Mi
voluntaria y terapeútica desconexión mediática durante esta campaña electoral,
ha hecho que me entere tarde y de modo casual de lo sucedido en Orlando. Y fiel
a mi aislamiento voluntario, ratificado por lo poco que he oído accidentalmente
en la radio, no he querido indagar más en el asunto.
Cincuenta
muertos en una discoteca “de ambiente”. Parece ser el hecho, ¿no? Terrible,
como siempre terrible. Pero lo que me ha llamado la atención de la forma de dar la noticia es que lo
importante parecía ser el tipo de clientes de la discoteca.

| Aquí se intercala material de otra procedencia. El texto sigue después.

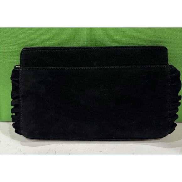 This Talbots black leather clutch is a must-have for any stylish woman. The ruffle trim adds a touch of elegance to the clutch, making it perfect for any occasion. Crafted from high-quality suede, this clutch is both durable and fashionable. It's the perfect accessory to complete any outfit. The clutch is designed to hold all your essentials, and its compact size makes it easy to carry around. The Talbots brand is known for its quality products, and this clutch is no exception.

Ahí, en su
condición sexual, se ponía el acento.
Y eso
no es así. Lo importante es que eran cincuenta personas. Y una persona es
persona viva como viva su sexualidad. Y como persona tiene derecho a la vida y
a la libertad.
Y
entonces, pensando en esto, me he asomado al abismo de la intolerancia y el
totalitarismo, y me ha dado miedo.
Se
empieza por pensar mal del diferente, luego se pasa a la agresión verbal,
después a la exclusión, más tarde a la agresión física, y de ahí a matar no
queda tanto. Es cuestión de ir tensando la cuerda…
Sí, lo
terrible es la muerte violenta de cincuenta personas. Que estén en una
discoteca gay o sin "gayar"; en una sinagoga, una iglesia o una mezquita; en un mitin político de "derechas" o de "izquierdas"; tomando un café; yendo en metro o en un supermercado; que sean blancos, negros o a motas
fucsia; que sean de un equipo o de otro… ¡Qué lista tan larga podíamos hacer!
¡Da
igual! Son seres humanos. Y eso es lo importante. Y muchas de las actitudes que
yo veo por estas tierras, en personas demasiado relevantes, están en los
primeros estadios de la escala que estos días ha acabado en Orlando. Son los
vientos que pueden engendrar tempestades que mejor no conocer más que por la
historia.
Es
urgente tomarse en serio al hombre. A su dignidad. A su libertad. A su derecho
a la vida. En nombre de nada ni de nadie debemos jugar con eso.